Also, I think there is a typo in your benchmark code where you test pointblank_distinct_tib
- this is still pointing to the database, which is why your results were virtually the same as pointblank_distinct_sql
. If you change that tbl reference to point to the data.frame, the function runs much faster. I also added pointblank_source
to emulate the query that interrogate
is using (that ultimately gets run 3 times as stated above).
library(pointblank)
library(DBI)
library(RSQLite)
library(tidyverse)
library(bench)
#create large synth data
n_pat <- 1E6
n_diag <- 1E7
diag <- tibble(
repid = sample(1:n_pat, size = n_diag, replace = TRUE),
abrq = sample(20101:20224, size = n_diag, replace = TRUE),
icd = sample(c("E01, E02, E11, E12"), size = n_diag, replace = TRUE),
icd_sub = paste0(icd, ".9")
) %>%
arrange(repid)
#connect sql db
sql_loc <- dbConnect(RSQLite::SQLite(), dbname = tempfile())

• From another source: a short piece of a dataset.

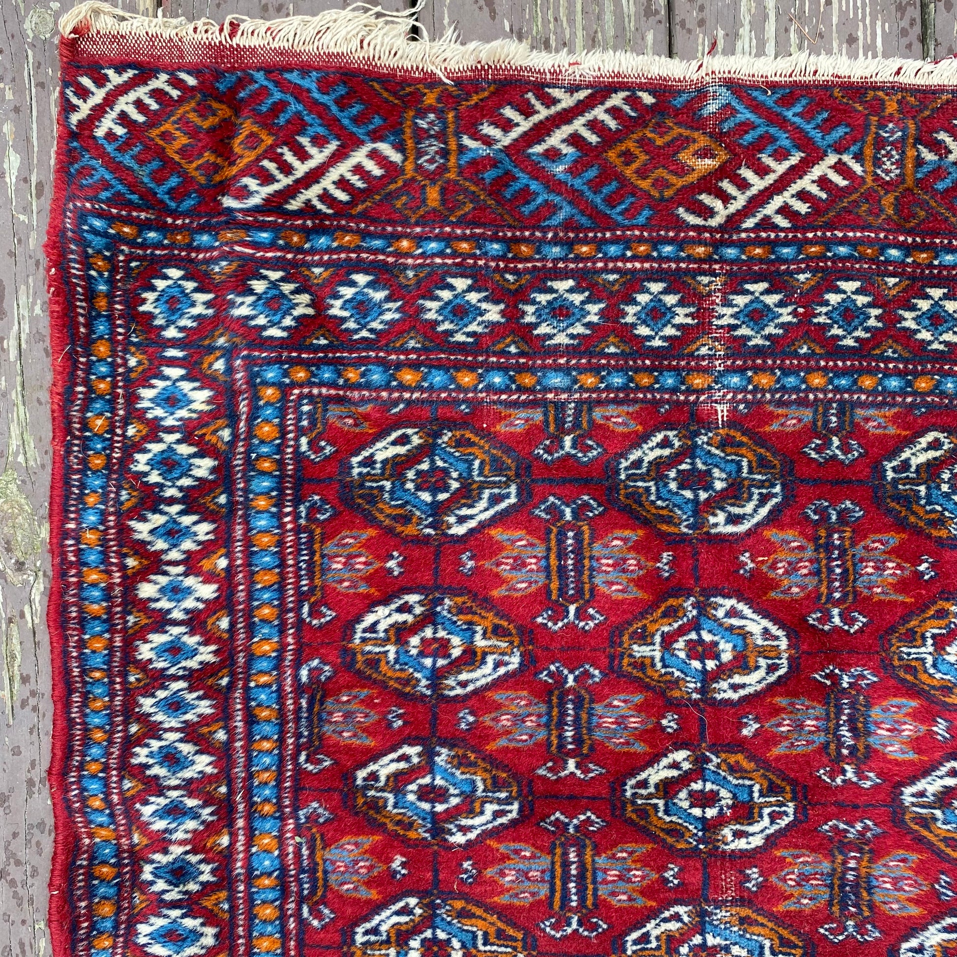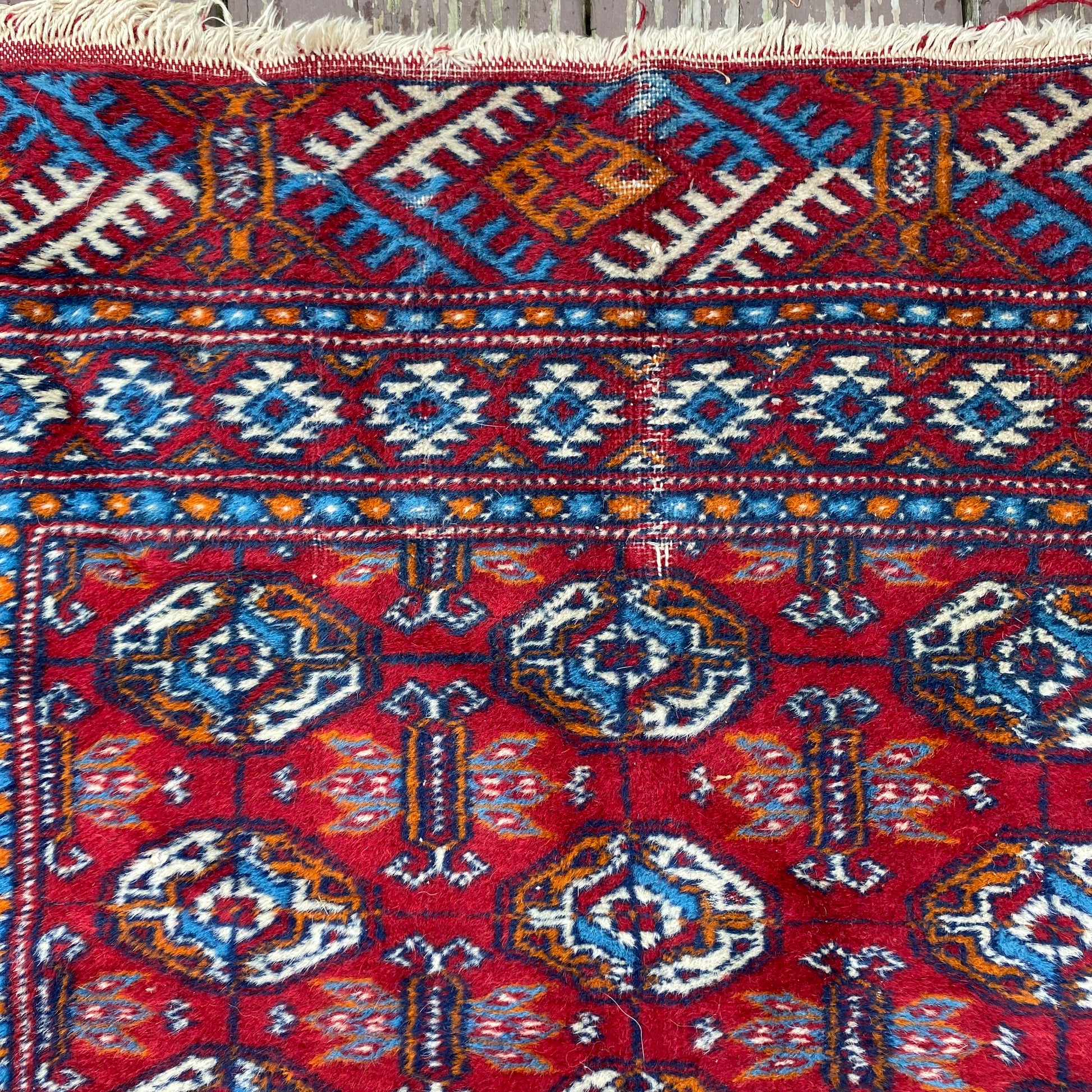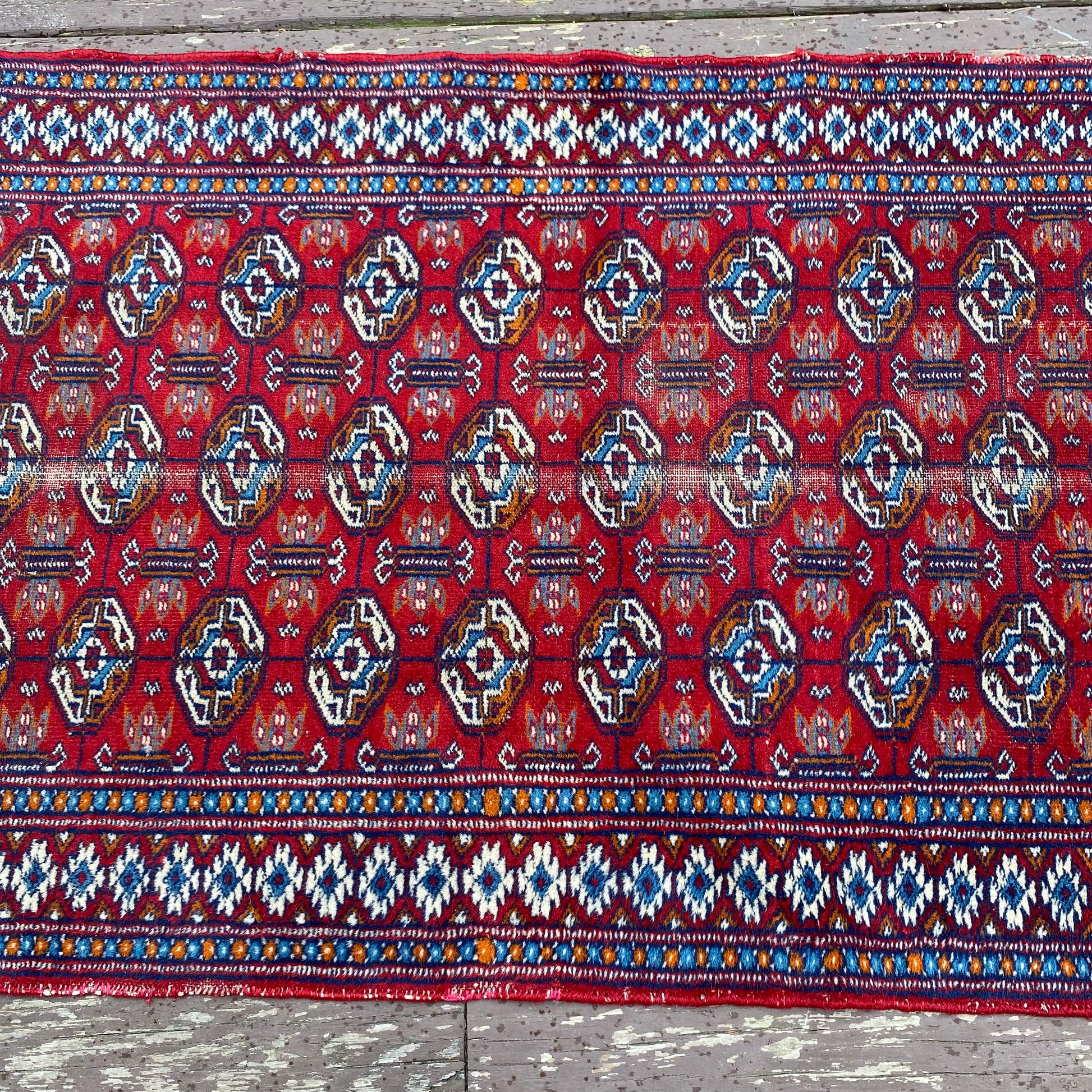 This vintage rug is in fair condition. The design features traditional medallion set in a red field with blue and white highlights. There is heavy wear throughout as seen in the photos.

dbWriteTable(sql_loc, "diag", diag)
#benchmark pointblank::rows_distinct vs. dplyr::distinct
#added another count to make sure that SQL DISTINCT is actually materialized
results <-
bench::press(
rows = c(1E4),
bench::mark(
pointblank_distinct_sql = create_agent(
tbl = {tbl(sql_loc, "diag") %>% head(rows)}) %>%
rows_distinct() %>%
interrogate(extract_failed = FALSE),
pointblank_distinct_tib = create_agent(
tbl = {diag %>% head(rows)}) %>% # <------- changed this!
rows_distinct() %>%
interrogate(extract_failed = FALSE),
dplyr_distinct_sql = tbl(sql_loc, "diag") %>%
head(n = rows) %>%
distinct() %>%
tally() %>%
collect(),
dplyr_distinct_tib = diag %>%
head(n = rows) %>%
distinct() %>%
tally(),
pointblank_source = tbl(sql_loc, "diag") %>%
head(rows) %>%
dplyr::select(everything()) %>%
dplyr::group_by() %>%
dplyr::mutate(`pb_is_good_` = ifelse(dplyr::n() == 1, TRUE, FALSE)) %>%
dplyr::ungroup() %>%
collect(),
check = FALSE,
iterations = 2
)
)
#> Running with:
#> rows
#> 1 10000
#> Warning: Some expressions had a GC in every iteration; so filtering is
#> disabled.
results
#> # A tibble: 5 × 7
#> expression rows min median `itr/sec` mem_alloc `gc/sec`
#> <bch:expr> <dbl> <bch:tm> <bch:tm> <dbl> <bch:byt> <dbl>
#> 1 pointblank_distinct_sql 10000 10.03s 10.04s 0.0996 12.84MB 0.299
#> 2 pointblank_distinct_tib 10000 50.19ms 51.9ms 19.3 3.19MB 28.9
#> 3 dplyr_distinct_sql 10000 23.55ms 24.85ms 40.2 212.03KB 20.1
#> 4 dplyr_distinct_tib 10000 1.04ms 1.13ms 887. 1.01MB 0
#> 5 pointblank_source 10000 2.57s 2.58s 0.388 878.67KB 0
Created on 2023-09-22 with reprex v2.0.2